/---

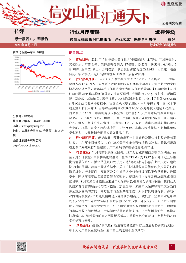 【山西证券】【20210805】传媒行业月度策略:疫情反弹或影响电影市场,游戏未成年保护再引关注-24页
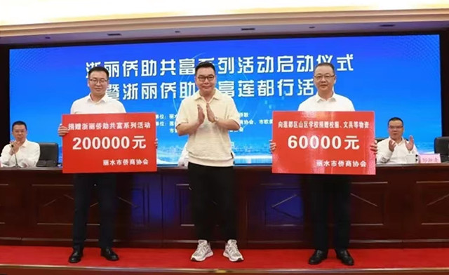 启动仪式上,丽水市侨商会捐赠20万元作为今明两年浙丽侨爱基金,首期向莲都区乡村学校捐助6万元物资。同时,结对莲都区雅溪镇上金竹村,以此促进侨商资源与上金竹村乡村振兴融合发展,推动共同富裕。(丽水市侨商会)
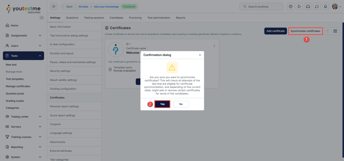 After modifying certificate conditions or test configurations, you may need to synchronize certificates to ensure that all changes are reflected in users’ assignments. This action re-evaluates the conditions for each candidate and assigns or removes certificates based on the most recent criteria.
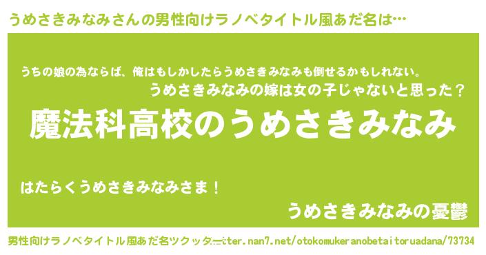 | 女子向けラノベタイトル風あだ名 | 『うめさきみなみなんてお断りですっ。』 |

\---

*Assignment*. A word-for-word copy is required of the lines above from the line with "启动仪式上,丽水市侨商会捐赠" through the last line of the data; no other lines and no pictures belong in it.

*Solution to this task*.
 启动仪式上,丽水市侨商会捐赠20万元作为今明两年浙丽侨爱基金,首期向莲都区乡村学校捐助6万元物资。同时,结对莲都区雅溪镇上金竹村,以此促进侨商资源与上金竹村乡村振兴融合发展,推动共同富裕。(丽水市侨商会)
 After modifying certificate conditions or test configurations, you may need to synchronize certificates to ensure that all changes are reflected in users’ assignments. This action re-evaluates the conditions for each candidate and assigns or removes certificates based on the most recent criteria.
 | 女子向けラノベタイトル風あだ名 | 『うめさきみなみなんてお断りですっ。』 |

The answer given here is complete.